## What to work on
Once you reach the line with "연도별 IPO건수 ,출처 : 한국거래소" below, copy each line exactly, stopping after the line with "Condition: In fair", and skip any pictures.

## Items listed in a dataset
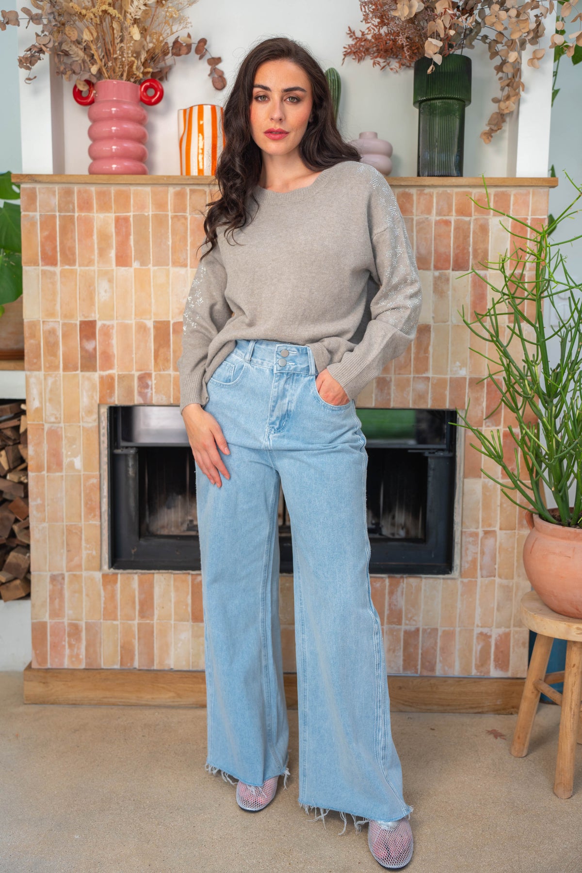 Pull en maille étoiles strass Poppy Taille unique / Taupe
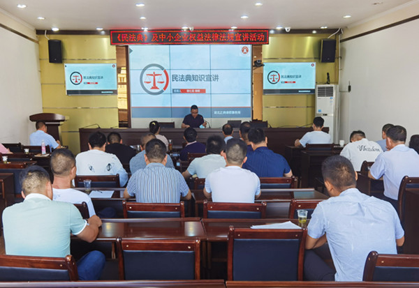 该县司法局联合县自然资源和规划局,组织开展《民法典》及法律法规宣讲进企业活动,专业律师结合实际案例,围绕企业设立、用工、用地、融资等营商环境建设重点领域、关键环节,开展精准法律宣教活动,机关党员干部和矿产企业负责人共学《民法典》。
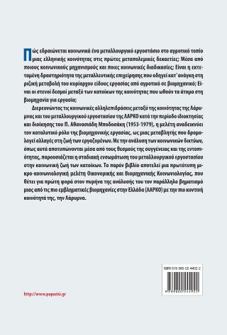 Διερευνώντας τις κοινωνικές αλληλεπιδράσεις μεταξύ της κοινότητας της Λάρυμνας και του μεταλλουργικού εργοστασίου της ΛΑΡΚΟ κατά την περίοδο ιδιοκτησίας και διοίκησης του Πρόδρομου - Μποδοσάκη Αθανασιάδη (1953-1979), η μελέτη αναδεικνύει τον καταλυτικό ρόλο της βιομηχανικής εργασίας ως μιας μεταβλητής που δρομολογεί αλλαγές στη ζωή των εργαζομένων. Με την ανάλυση των κοινωνικών δικτύων, όπως αυτά αποτυπώνονται μέσα από το θεσμό της συγγένειας και της εντοπιότητας, παρουσιάζεται η σταδιακή ενσωμάτωση του μεταλλουργικού εργοστασίου στην κοινωνική ζωή των κατοίκων. Το παρόν βιβλίο αποτελεί μια πρωτότυπη μικρο-κοινωνιολογική μελέτη Οικονομικής και Βιομηχανικής Κοινωνιολογίας, που θέτει για πρώτη φορά στον πυρήνα της ανάλυσής του, τον παράλληλο βηματισμό μιας από τις πιο εμβληματικές βιομηχανίες στην Ελλάδα (ΛΑΡΚΟ) με την πιο κοντινή κοινότητά της, την Λάρυμνα.
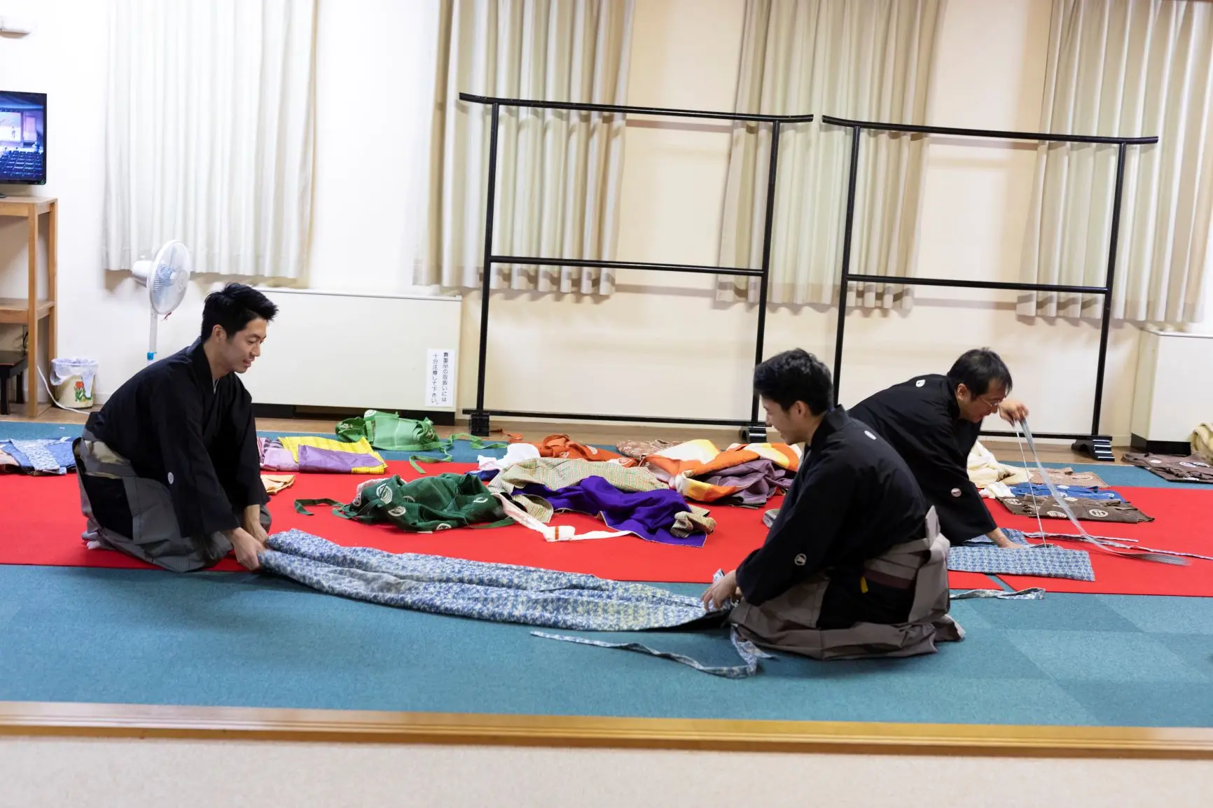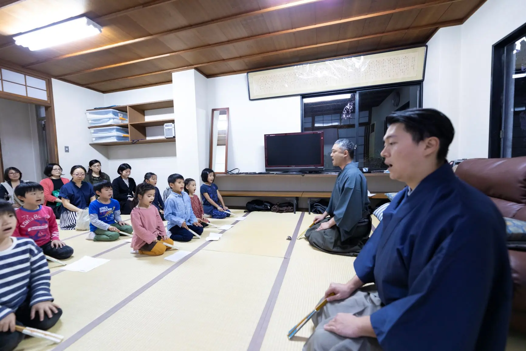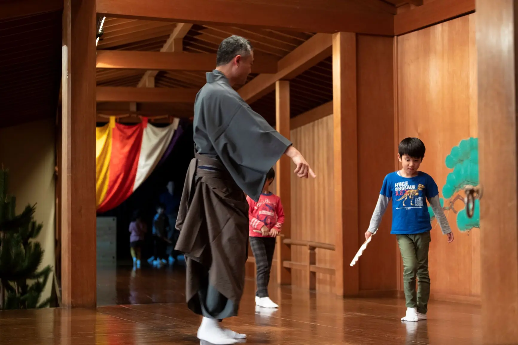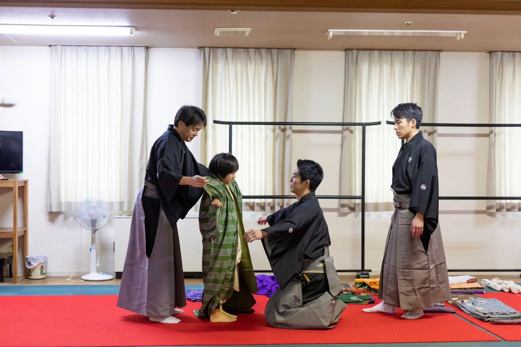 お稽古と発表会を支える先生方② 稽古場~宝生能楽堂 2020.05.01 コラム 能楽は、梅若能楽学院会館でのお稽古でした。 広い和室や、本物の能舞台を使って。 声の出し方、からだの動き。 申合せ(リハーサル)と本番では、装束のお針子仕事も! 子供一人ずつに着付けをして下さるのも先生方。 竹竿で揚幕の上げ下げ、切戸口の開け閉めも。 時にきびしい指導もありましたが、発表会を終えた子供たちの嬉しそうな顔に先生方もニコニコでした。 撮影:菅原康太
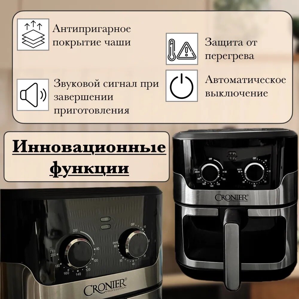 Аэрогриль Электрический CRONIER CR-8301, 1600 Вт / Аэрофритюрница для дома с чашей, 7.5 л
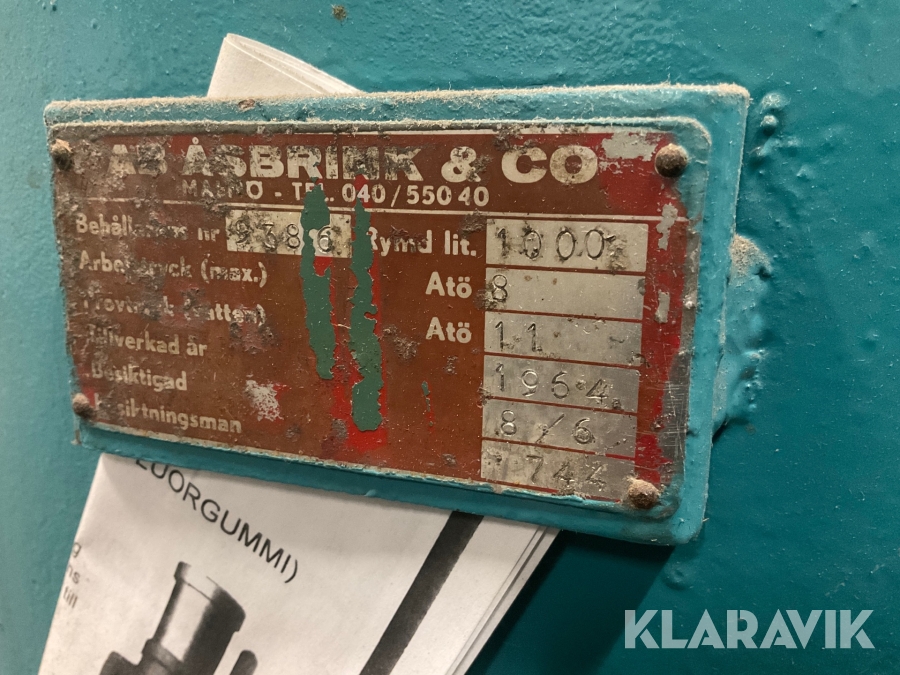 Lufttank AB Åsbrink & Co 1000 liter
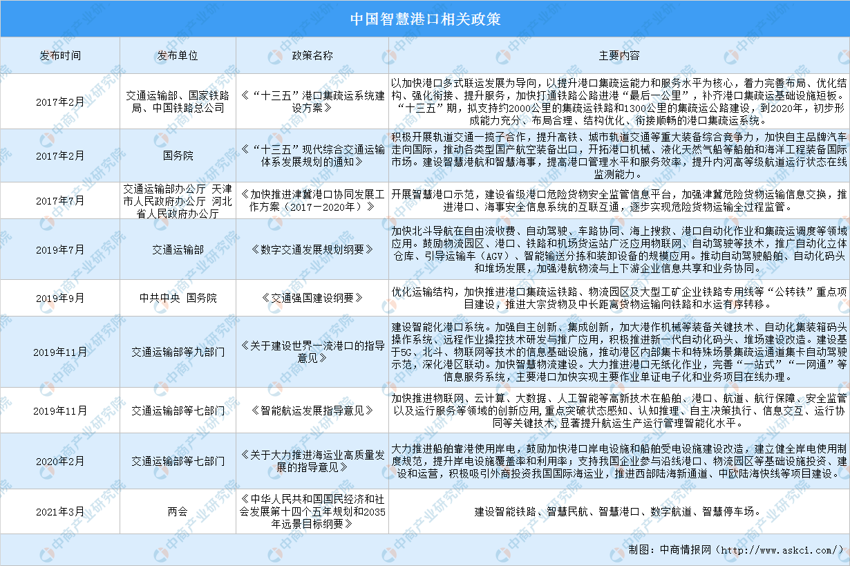 2019年11月,交通运输部等九部门联合发布《关于建设世界一流港口的指导意见》,要求建设智能化港口系统,加快智慧物流建设。
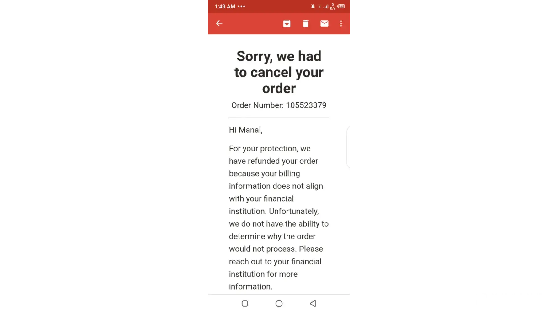 Fashion Nova My order has been cancelled
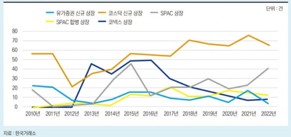 연도별 IPO건수 ,출처 : 한국거래소
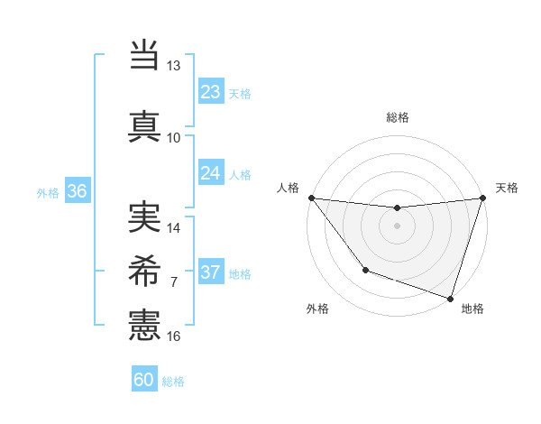 当真 実希憲さんの総格は60画の1点!
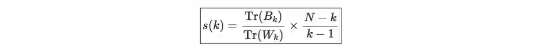 Calinski-Harabaz指数s(k)表明了聚类模型对聚类的定义的好坏,得分越高,聚类就越密集,分离得也越好。定义如下:
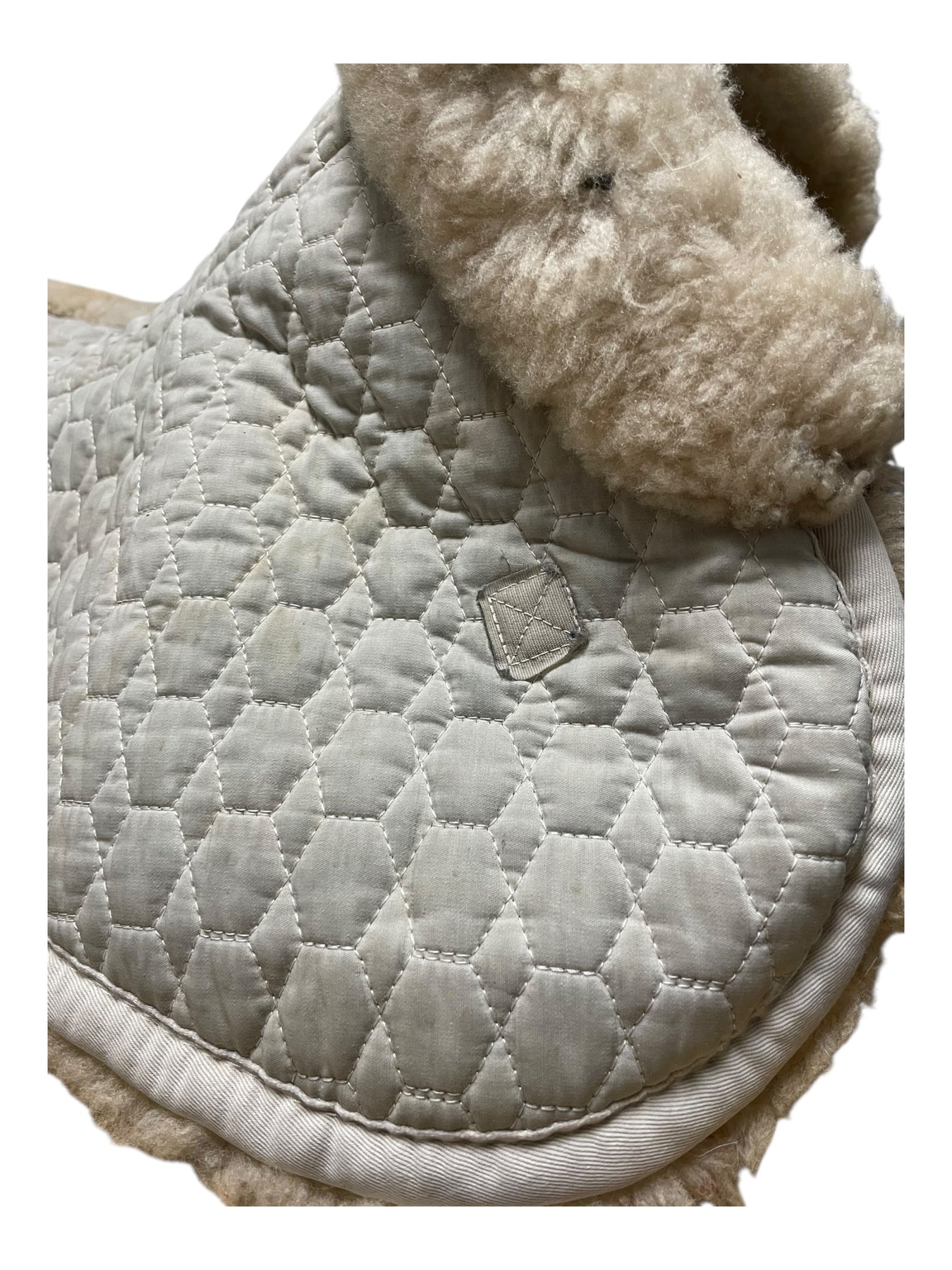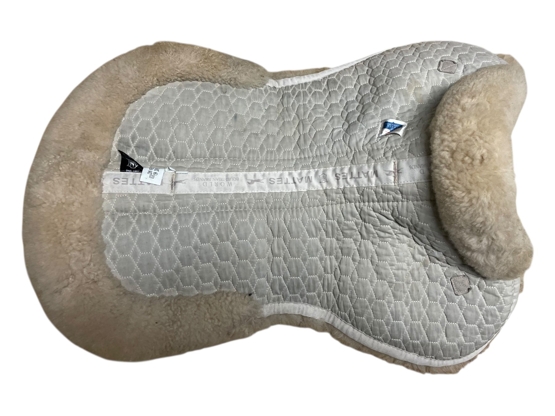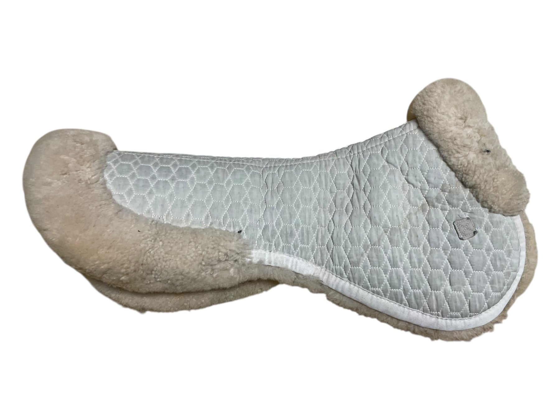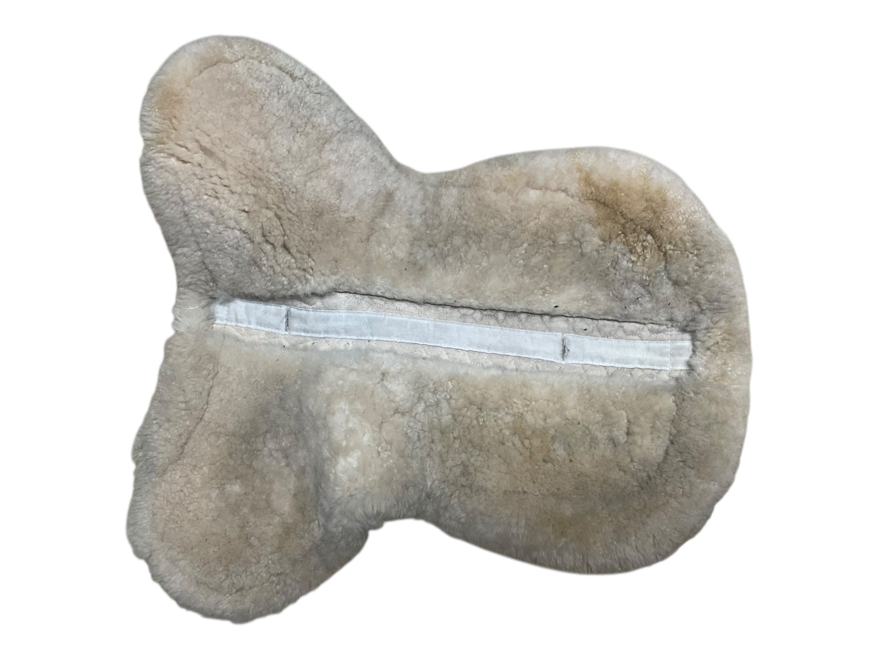 Condition: In fair condition overall. The white body of the half pad is stained/discolored, making it appear somewhat gray. Some subtle discoloration and matting can be seen on outer sheepskin trim. On the underside, there is some staining on sheepskin. Straps have been cut off.
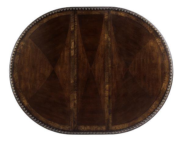 | The Bonaventure Park Collection. With styling that exemplifies traditional design, the Bonaventure Park Collection exudes sophistication and refined elegance. Cantered pilasters frame the serpentine fronted china and server, while egg and dart molding, acanthus leaf motif and bale, and button hardware lend to the traditional look of all pieces. Burl inlay creates beautiful contrast to the gold-highlighted cherry finish of the collection. Two table options provide flexibility for placement in your dining space – the first, a 110-inch double pedestal base rectangular top table, the second, a 76-inch oval top single pedestal base table. Button-tufted traditional tweed fabric features prominently on the accompanying wood-framed chairs. |

## Completed task
 연도별 IPO건수 ,출처 : 한국거래소
 当真 実希憲さんの総格は60画の1点!
 Calinski-Harabaz指数s(k)表明了聚类模型对聚类的定义的好坏,得分越高,聚类就越密集,分离得也越好。定义如下:
 Condition: In fair condition overall. The white body of the half pad is stained/discolored, making it appear somewhat gray. Some subtle discoloration and matting can be seen on outer sheepskin trim. On the underside, there is some staining on sheepskin. Straps have been cut off.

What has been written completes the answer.